_Exercise aim:_
Repeat what the lines below say, word for word, and skip every image.

_Given data:_
# # # # #

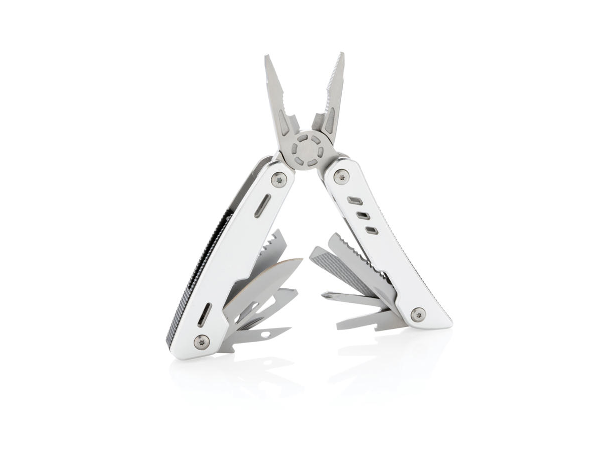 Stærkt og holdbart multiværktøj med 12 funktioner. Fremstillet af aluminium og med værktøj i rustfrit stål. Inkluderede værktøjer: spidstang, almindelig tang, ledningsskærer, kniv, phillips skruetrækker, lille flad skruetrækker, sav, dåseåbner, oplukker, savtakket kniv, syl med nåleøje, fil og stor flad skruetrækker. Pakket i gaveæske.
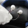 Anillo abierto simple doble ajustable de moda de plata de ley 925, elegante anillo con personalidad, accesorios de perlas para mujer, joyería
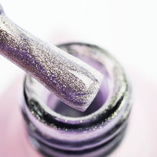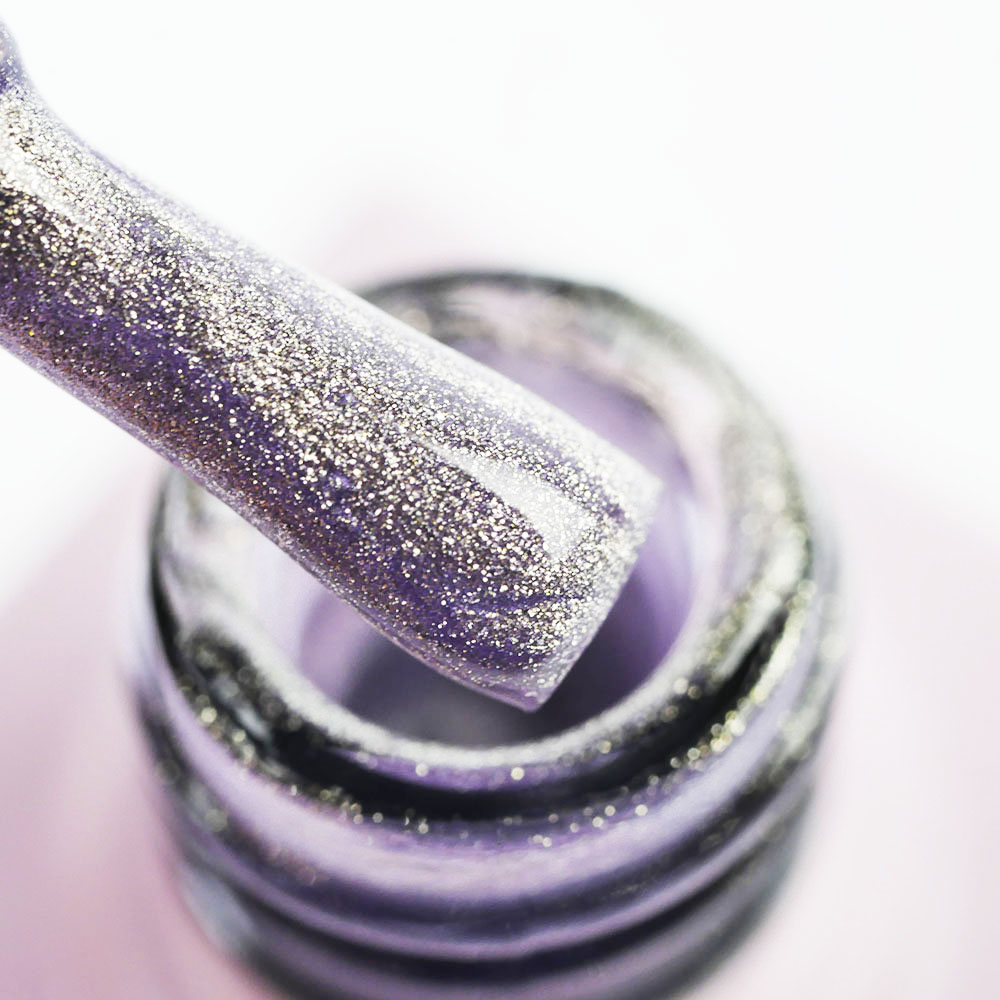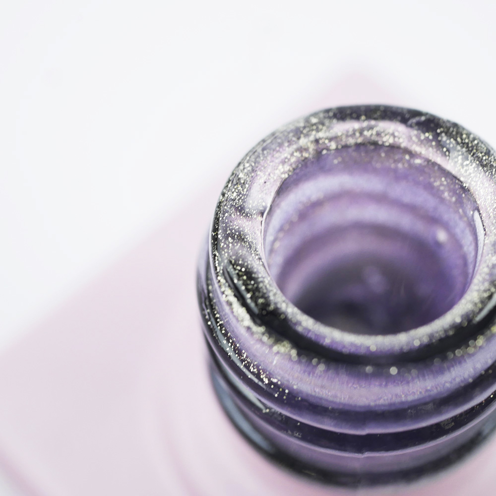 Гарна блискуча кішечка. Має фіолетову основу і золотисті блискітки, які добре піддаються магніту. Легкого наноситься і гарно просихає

# # # # #

_Task answer:_
 Stærkt og holdbart multiværktøj med 12 funktioner. Fremstillet af aluminium og med værktøj i rustfrit stål. Inkluderede værktøjer: spidstang, almindelig tang, ledningsskærer, kniv, phillips skruetrækker, lille flad skruetrækker, sav, dåseåbner, oplukker, savtakket kniv, syl med nåleøje, fil og stor flad skruetrækker. Pakket i gaveæske.
 Anillo abierto simple doble ajustable de moda de plata de ley 925, elegante anillo con personalidad, accesorios de perlas para mujer, joyería
 Гарна блискуча кішечка. Має фіолетову основу і золотисті блискітки, які добре піддаються магніту. Легкого наноситься і гарно просихає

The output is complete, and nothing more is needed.